Inuit hunter Hjelmer Hammeken spotted a ringed seal near its breathing hole on the Greenland ice. In his white camouflage, he slowly crept towards it then lay down in the snow and waited. When the right moment came, Hammeken tapped his feet together.
The seal lifted its head to look where the noise was coming from and the hunter fired. He butchered the animal there and then, eating some of its liver while it was still warm, as his ancestors have done for centuries - the hunter’s reward. Such scenes are common around the hugely isolated Inuit community of Ittoqqortoormiit, close to Scoresby Sound, the world’s biggest fjord on the frozen east coast of Greenland.
All the men hunt in this colorful little settlement of 350 souls. While only the professionals track polar bears, everyone hunts seats, narwhals and Arctic musk ox. But for the last two decades climate change and hunting quotas have been threatening the livelihood on which Inuit families have long survived.

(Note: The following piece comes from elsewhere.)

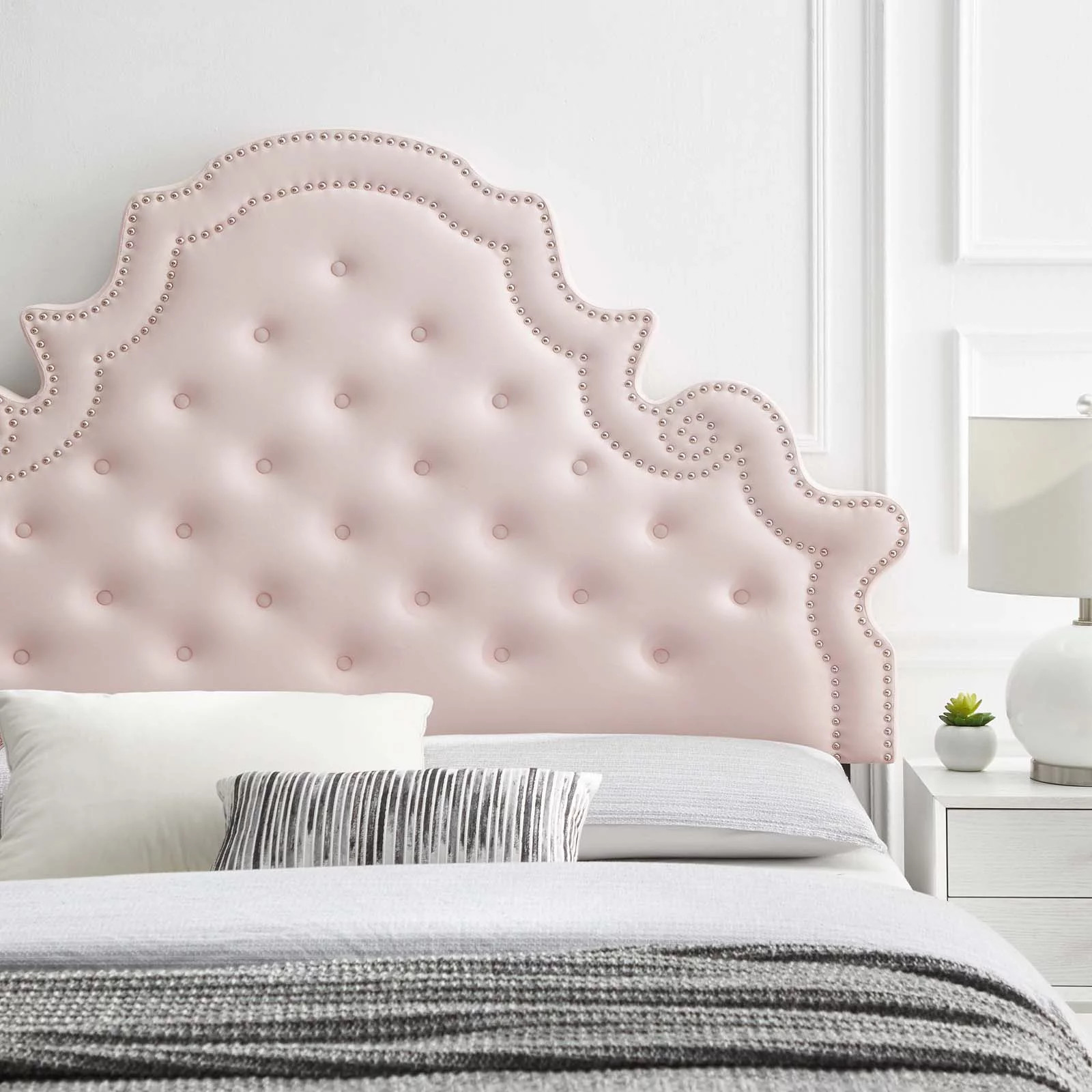 Modway Annabel Queen Diamond Tufted Performance Velvet Headboard in Pink

Hammeken is a legend in Greenland, its greatest polar bear hunter. AFP followed him and other professional Inuit hunters for several days during the hunting season. He killed seven this year to add to his tally of 319 over the last half century.
When he arrives at the edge of the ice, where it meets the Arctic Ocean, he commands respect. Hammeken made his reputation in the 1980s. He would go out alone for several weeks at a time, crossing the glaciers of the fjord with his dogs with little more than a tent to bri.